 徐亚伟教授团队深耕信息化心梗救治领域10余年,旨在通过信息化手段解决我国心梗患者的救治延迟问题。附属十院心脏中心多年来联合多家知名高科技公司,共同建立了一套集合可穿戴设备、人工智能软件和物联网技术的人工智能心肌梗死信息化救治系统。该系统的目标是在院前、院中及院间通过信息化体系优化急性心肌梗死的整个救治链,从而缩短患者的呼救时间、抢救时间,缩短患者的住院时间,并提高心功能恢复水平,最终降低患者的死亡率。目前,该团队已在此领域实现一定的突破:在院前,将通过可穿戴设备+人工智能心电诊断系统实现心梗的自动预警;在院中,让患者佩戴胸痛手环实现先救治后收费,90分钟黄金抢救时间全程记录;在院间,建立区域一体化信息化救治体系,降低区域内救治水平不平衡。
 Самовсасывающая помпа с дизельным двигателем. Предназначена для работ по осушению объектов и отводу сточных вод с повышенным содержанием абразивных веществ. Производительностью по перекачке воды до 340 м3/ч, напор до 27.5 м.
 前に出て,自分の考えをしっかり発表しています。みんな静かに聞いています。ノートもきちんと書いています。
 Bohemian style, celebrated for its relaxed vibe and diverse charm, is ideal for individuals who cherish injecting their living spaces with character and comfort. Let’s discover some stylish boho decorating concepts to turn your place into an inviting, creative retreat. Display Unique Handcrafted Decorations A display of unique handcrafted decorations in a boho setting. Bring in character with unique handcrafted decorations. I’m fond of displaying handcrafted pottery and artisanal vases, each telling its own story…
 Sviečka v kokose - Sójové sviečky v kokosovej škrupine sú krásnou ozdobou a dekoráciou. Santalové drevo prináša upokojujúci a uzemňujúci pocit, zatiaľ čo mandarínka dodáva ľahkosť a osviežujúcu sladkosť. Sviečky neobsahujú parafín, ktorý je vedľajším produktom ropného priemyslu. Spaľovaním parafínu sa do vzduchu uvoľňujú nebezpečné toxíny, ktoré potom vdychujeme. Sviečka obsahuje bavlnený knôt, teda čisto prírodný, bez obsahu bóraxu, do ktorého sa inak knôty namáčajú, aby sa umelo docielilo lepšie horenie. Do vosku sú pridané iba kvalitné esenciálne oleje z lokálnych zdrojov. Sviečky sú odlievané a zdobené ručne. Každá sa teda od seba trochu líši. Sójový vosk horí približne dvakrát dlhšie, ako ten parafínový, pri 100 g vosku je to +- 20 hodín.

Exercise objective >> Take the lines above from the first through the one containing "前に出て,自分の考えをしっか" and reproduce them exactly; include nothing else.

Result below >>
 徐亚伟教授团队深耕信息化心梗救治领域10余年,旨在通过信息化手段解决我国心梗患者的救治延迟问题。附属十院心脏中心多年来联合多家知名高科技公司,共同建立了一套集合可穿戴设备、人工智能软件和物联网技术的人工智能心肌梗死信息化救治系统。该系统的目标是在院前、院中及院间通过信息化体系优化急性心肌梗死的整个救治链,从而缩短患者的呼救时间、抢救时间,缩短患者的住院时间,并提高心功能恢复水平,最终降低患者的死亡率。目前,该团队已在此领域实现一定的突破:在院前,将通过可穿戴设备+人工智能心电诊断系统实现心梗的自动预警;在院中,让患者佩戴胸痛手环实现先救治后收费,90分钟黄金抢救时间全程记录;在院间,建立区域一体化信息化救治体系,降低区域内救治水平不平衡。
 Самовсасывающая помпа с дизельным двигателем. Предназначена для работ по осушению объектов и отводу сточных вод с повышенным содержанием абразивных веществ. Производительностью по перекачке воды до 340 м3/ч, напор до 27.5 м.
 前に出て,自分の考えをしっかり発表しています。みんな静かに聞いています。ノートもきちんと書いています。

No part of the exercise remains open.